What to do: The lines below from the one with "(通讯员 冯赛枫)10月10" up to and including the one with "卫浴设施:淋浴、私人卫生间、" are what you should set down, exactly and without pictures.

Data excerpts:
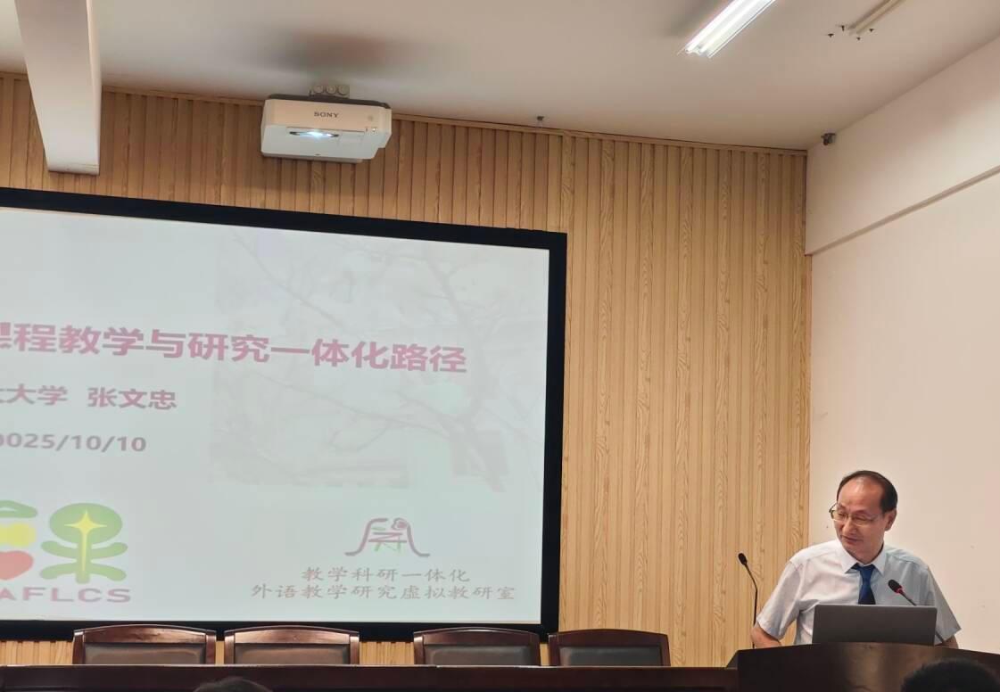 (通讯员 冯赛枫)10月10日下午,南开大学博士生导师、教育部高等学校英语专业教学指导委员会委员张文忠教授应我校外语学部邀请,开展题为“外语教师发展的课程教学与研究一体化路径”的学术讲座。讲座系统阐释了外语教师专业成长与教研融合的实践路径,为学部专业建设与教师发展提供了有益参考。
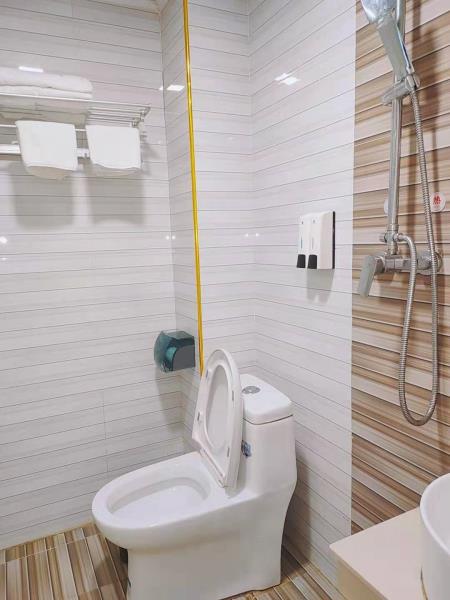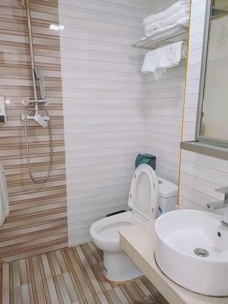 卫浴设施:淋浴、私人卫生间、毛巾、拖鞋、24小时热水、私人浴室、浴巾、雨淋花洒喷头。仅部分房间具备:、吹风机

...

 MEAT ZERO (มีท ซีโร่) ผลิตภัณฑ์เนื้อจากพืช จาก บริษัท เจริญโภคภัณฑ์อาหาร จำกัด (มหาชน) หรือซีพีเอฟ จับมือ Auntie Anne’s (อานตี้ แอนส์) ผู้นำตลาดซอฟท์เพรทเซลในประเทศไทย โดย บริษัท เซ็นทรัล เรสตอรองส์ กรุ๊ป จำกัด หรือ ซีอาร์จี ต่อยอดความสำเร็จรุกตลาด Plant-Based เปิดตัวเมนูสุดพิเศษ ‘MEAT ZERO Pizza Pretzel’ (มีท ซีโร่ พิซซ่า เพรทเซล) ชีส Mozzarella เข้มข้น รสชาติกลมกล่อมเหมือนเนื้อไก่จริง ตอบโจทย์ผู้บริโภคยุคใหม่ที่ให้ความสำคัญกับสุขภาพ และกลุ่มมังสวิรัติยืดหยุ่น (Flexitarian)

Response area:
 (通讯员 冯赛枫)10月10日下午,南开大学博士生导师、教育部高等学校英语专业教学指导委员会委员张文忠教授应我校外语学部邀请,开展题为“外语教师发展的课程教学与研究一体化路径”的学术讲座。讲座系统阐释了外语教师专业成长与教研融合的实践路径,为学部专业建设与教师发展提供了有益参考。
 卫浴设施:淋浴、私人卫生间、毛巾、拖鞋、24小时热水、私人浴室、浴巾、雨淋花洒喷头。仅部分房间具备:、吹风机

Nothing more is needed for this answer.